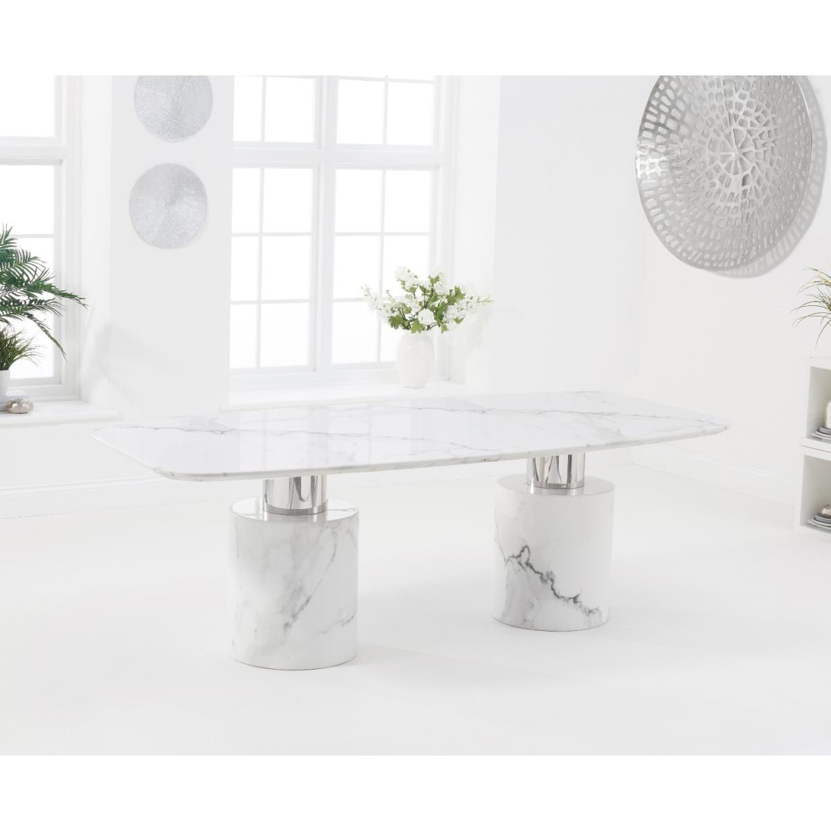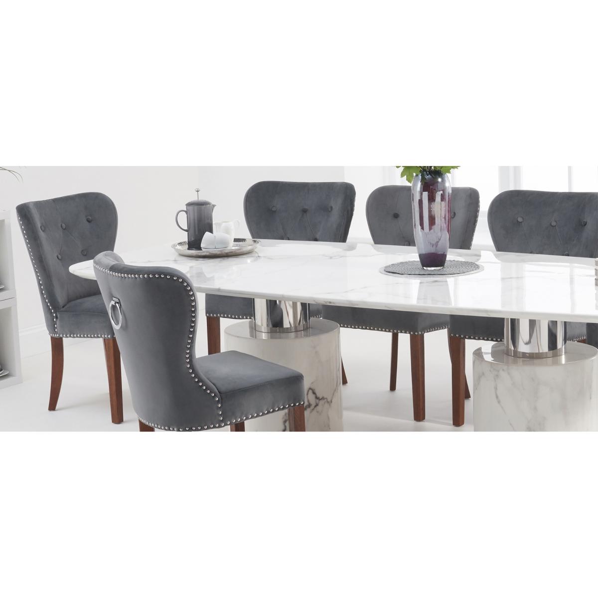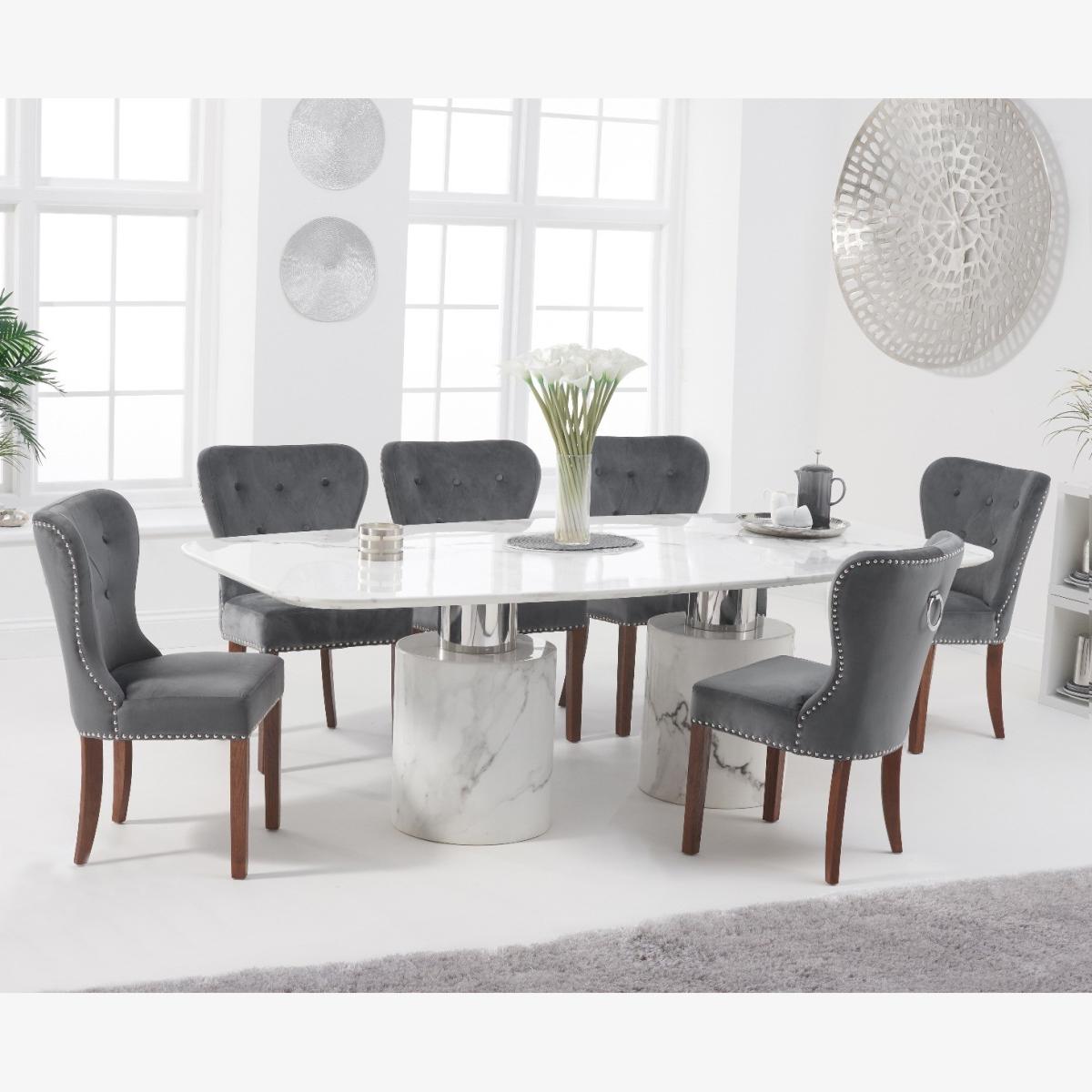Antonio 220cm White Marble Dining Table With 6 Grey Keswick Chairs
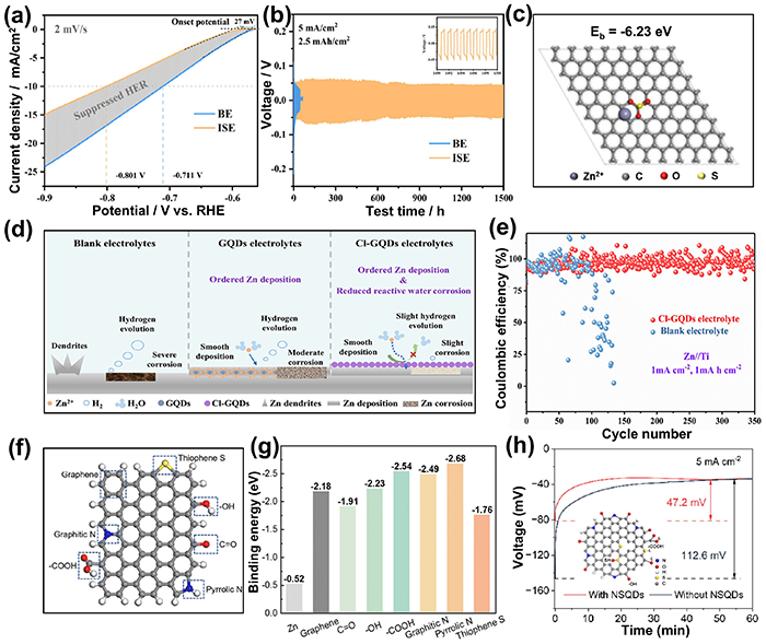 在电解质添加剂中引入缺陷工程,主要是通过向碳点等碳基纳米结构中掺杂杂原子(如N、S、Cl)或嫁接官能团(如-SO3–),以增强其亲锌性并精准调控锌沉积行为。具体而言:锌掺杂碳量子点可自发吸附于锌负极表面,重构界面双电层并提高析氢过电位(图9a),使电池在5 mA cm-2下稳定循环超过1500小时(图9b);-SO3–功能化碳点则兼具强锌亲和力与静电屏蔽效应(图9c),能有效抑制水引发的副反应,将Zn||Zn对称电池寿命延长至4000小时以上;氯化石墨烯量子点通过其周期性吸附/脱附行为,构建动态自适应界面,持续引导锌均匀成核,并利用局部疏水性保护负极(图9e);而N/S共掺杂碳量子点(NSQDs)凭借与Zn2+的高结合能,将成核过电位从112.6 mV显著降至47.2 mV,提供丰富成核位点,使Zn||Zn对称电池在20 mA cm-2的高倍率下稳定运行6000次循环。这些功能化添加剂通过协同优化界面环境与沉积动力学,显著提升了锌负极的循环寿命与可逆性。
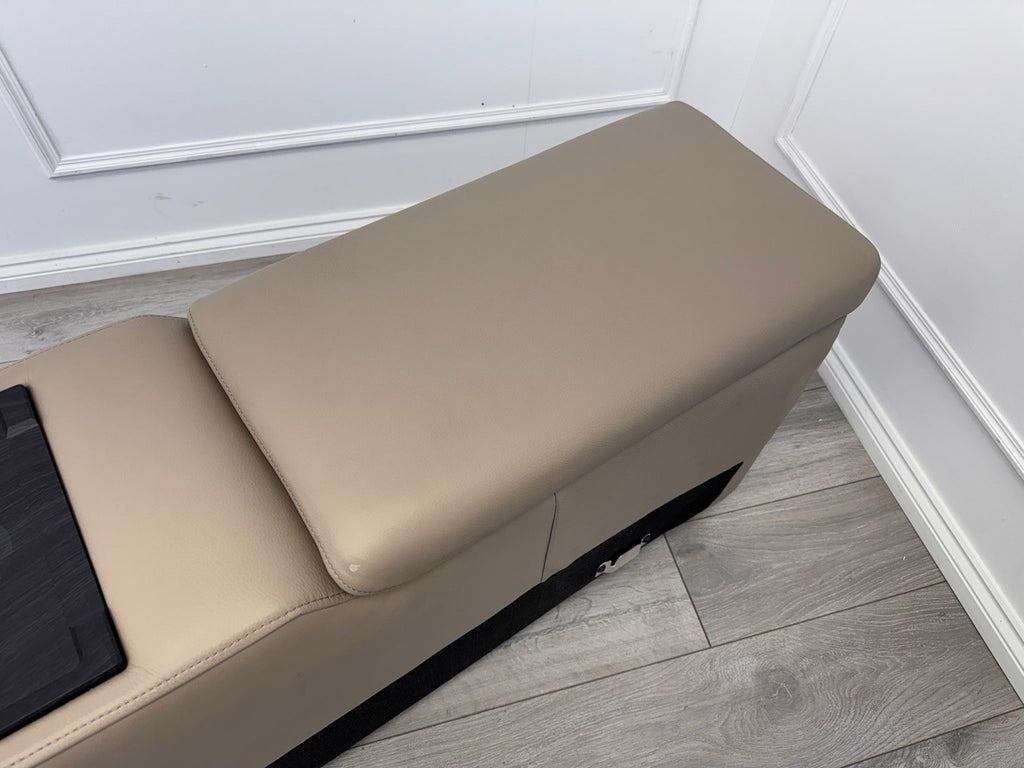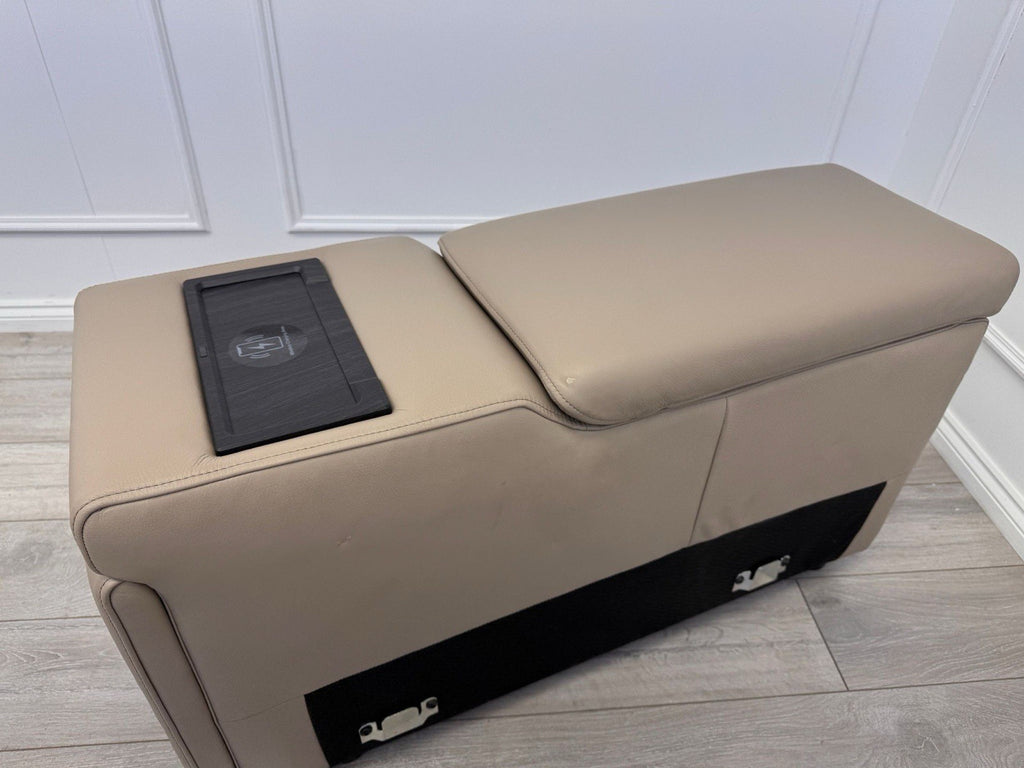Sofology Plaza Console Stone Beige Leather Cup Holders Wireless Charging Socket
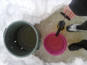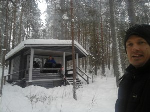 Seuraavana päivänä käytin ensi kertaa kairaani ja pumppuani saunavesien pumppaamiseksi avannosta. Toimi todella hyvin 🙂 Saunoimme ja Marko vastasi tapansa mukaan kaikkein kovimmista löylyistä minun tyytyessä jäähdyttelemään välillä verannan puolella. Hiihtelimme valoisassa takaisin tiistaina, Runebergin päivänä. Tasan kaksi vuotta sitten teimme samantyyppisen talviretken Kallaveden kalamajoille.
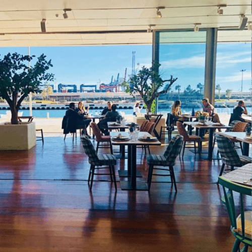 Das La Marítima ist ein Juwel für alle, die Design, Licht und das Meer lieben. Es gehört zur renommierten Grup El Alto und befindet sich in einer der ikonischsten Locations der Stadt. Schon beim Betreten beeindruckt das Restaurant durch seine riesigen Glasfronten, die den Raum mit Tageslicht fluten und einen ungehinderten Blick auf den Kanal und die vorbeiziehenden Segelboote bieten. Die Einrichtung ist inspiriert von den traditionellen Fischerhütten und den Farben des Meeres – viel helles Holz, blau-weiße Akzente und eine entspannte, elegante Atmosphäre.
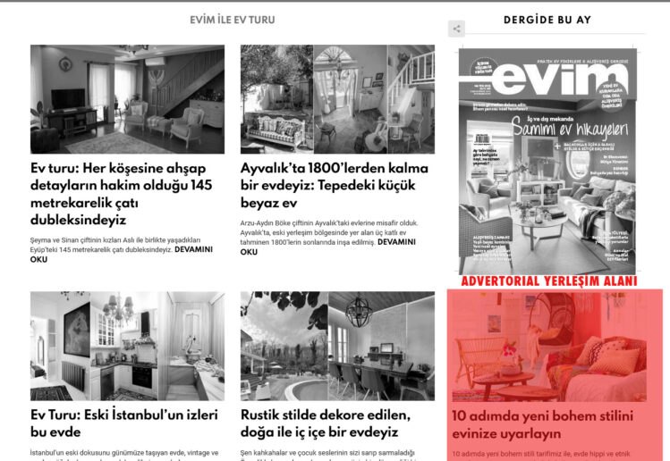 Evim Dergisi – Advertorial Ölçüleri ve Yerleşim Alanı
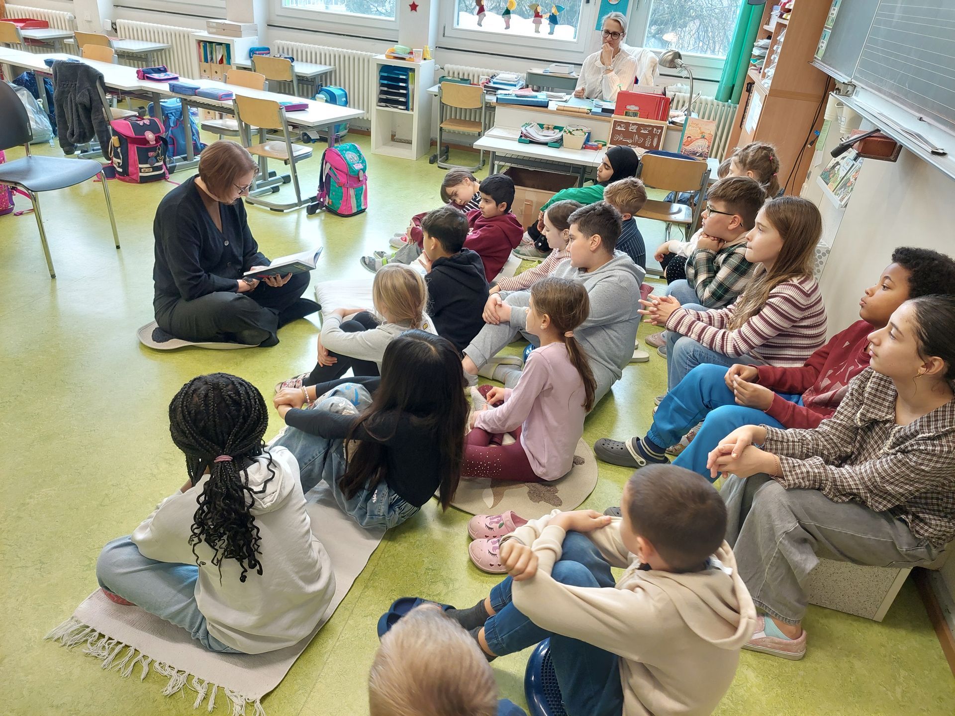 Im Rahmen des 22. bundesweiten Vorlesetags besuchte Staatssekretärin im Ministerium für Kultus, Jugend und Sport Sandra Boser, MdL, am 27. November 2025 die Eichrodtschule. Sie las den Kinder der Klasse 3a aus dem Buch "Zippel, das wirklich wahre Schlossgespenst" vor. Zur Freude der Drittklässler überreichte Frau Boser ein Exemplar des Buches für die Schulbibliothek.
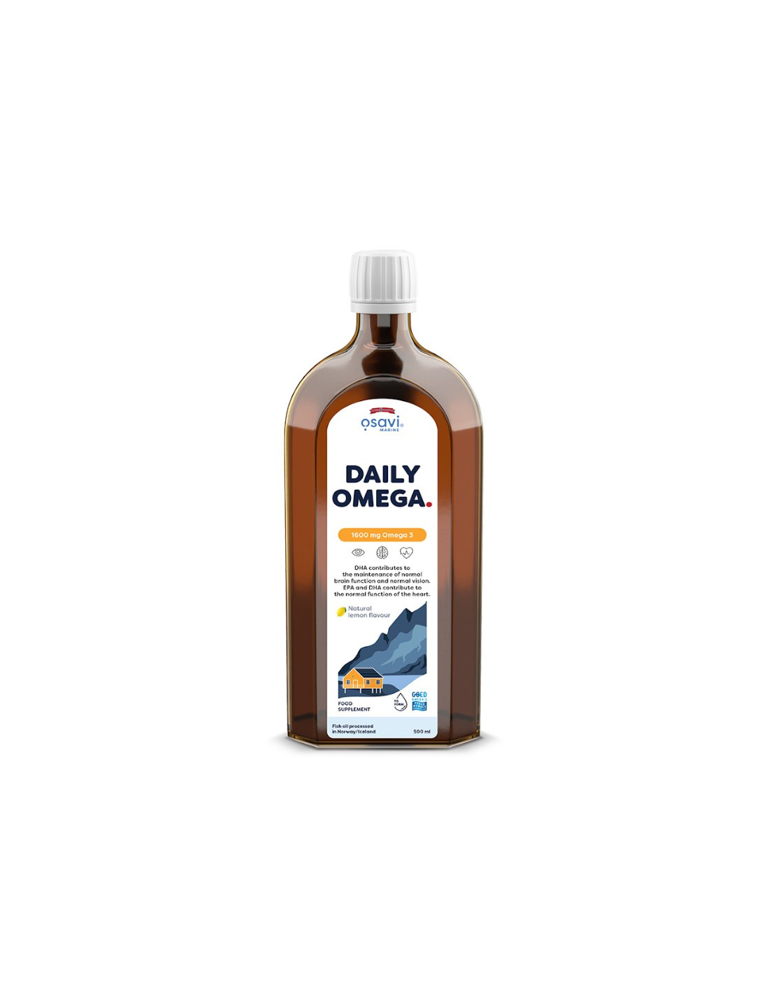 Osavi Daily Omega è un olio di pesce ad alta purezza dal fresco sapore di limone, che offre una dose concentrata di acidi grassi essenziali omega-3 (EPA e DHA). Ogni porzione da 5 ml apporta 4600 mg di olio di pesce, con un apporto totale di almeno 1600 mg di omega-3. Verificato secondo l'etichetta ufficiale del prodotto Osavi.
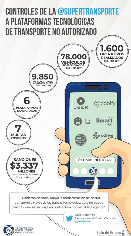 “Las sentencias recientemente emitidas por la Corte Constitucional, la Cámara de Apelaciones de Buenos Aires y el Tribunal de Justicia de la Unión Europea nos dan la razón: las empresas de tecnología que faciliten la prestación del servicio de transporte público deben regirse bajo las normas vigentes que regulan este sector en el país que decidan operar. El gobierno expidió en 2015 una reglamentación que no han querido acatar, razón por la cual es nuestra obligación investigar y sancionar a las empresas que presten servicios de transporte por fuera de la Ley”, advirtió Jaramillo.
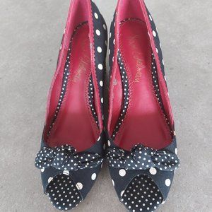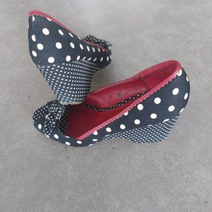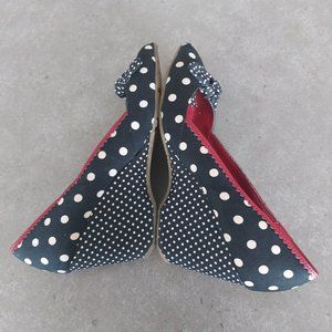 ACCENTS: Swiss dot bow on vamp ** Red faux leather scalloped edging around shoe except vamp
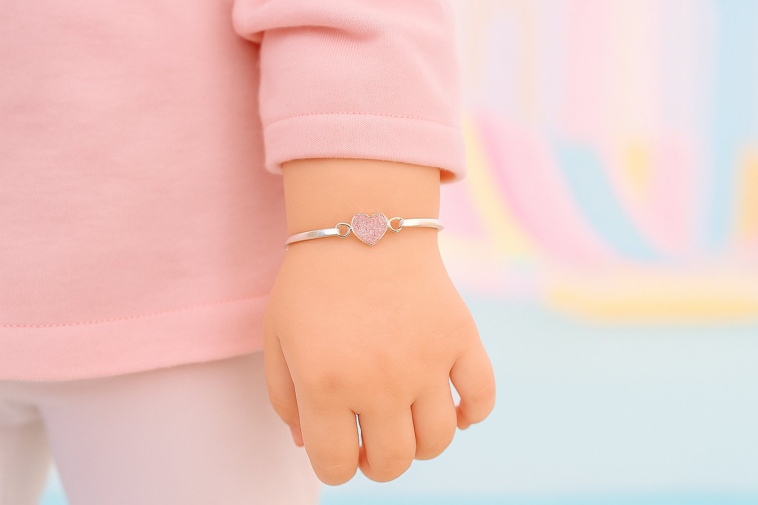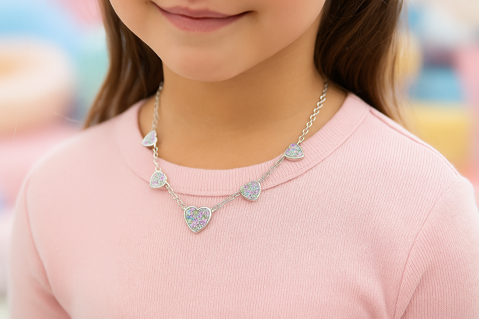 Heart Pink Crystal White Gold Palladium Plating Hypoallergenic Kids Necklace
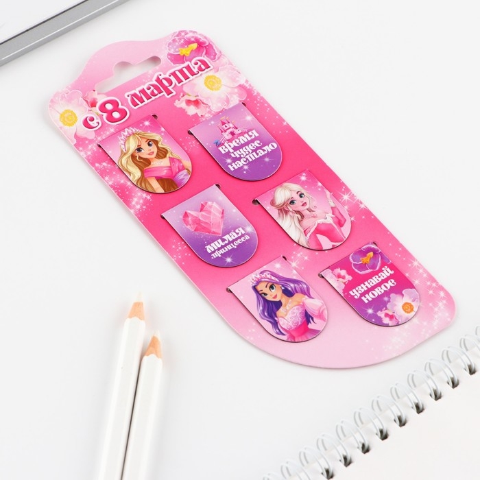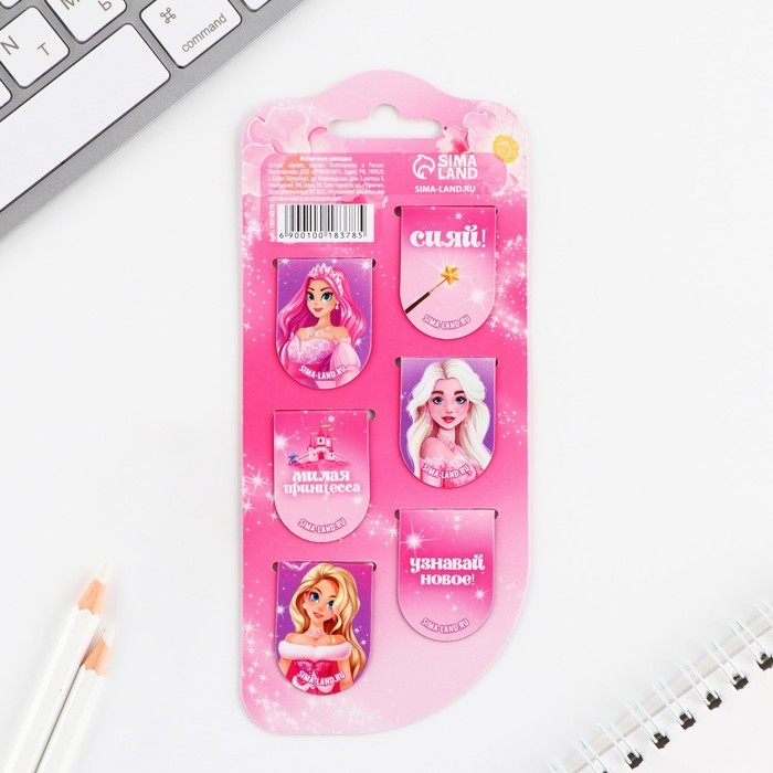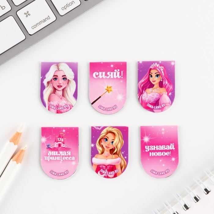 Закладки магнитные, 6 шт «Принцессы»

+ + + + + + +

> [Exercise brief] Given the listing above, retype only the span of lines from the line with "Sofology Plaza Console" up to and including the line with "Evim Dergisi –", exactly as it stands and without pictures.

> [Solution to this exercise]
Sofology Plaza Console Stone Beige Leather Cup Holders Wireless Charging Socket
 Seuraavana päivänä käytin ensi kertaa kairaani ja pumppuani saunavesien pumppaamiseksi avannosta. Toimi todella hyvin 🙂 Saunoimme ja Marko vastasi tapansa mukaan kaikkein kovimmista löylyistä minun tyytyessä jäähdyttelemään välillä verannan puolella. Hiihtelimme valoisassa takaisin tiistaina, Runebergin päivänä. Tasan kaksi vuotta sitten teimme samantyyppisen talviretken Kallaveden kalamajoille.
 Das La Marítima ist ein Juwel für alle, die Design, Licht und das Meer lieben. Es gehört zur renommierten Grup El Alto und befindet sich in einer der ikonischsten Locations der Stadt. Schon beim Betreten beeindruckt das Restaurant durch seine riesigen Glasfronten, die den Raum mit Tageslicht fluten und einen ungehinderten Blick auf den Kanal und die vorbeiziehenden Segelboote bieten. Die Einrichtung ist inspiriert von den traditionellen Fischerhütten und den Farben des Meeres – viel helles Holz, blau-weiße Akzente und eine entspannte, elegante Atmosphäre.
 Evim Dergisi – Advertorial Ölçüleri ve Yerleşim Alanı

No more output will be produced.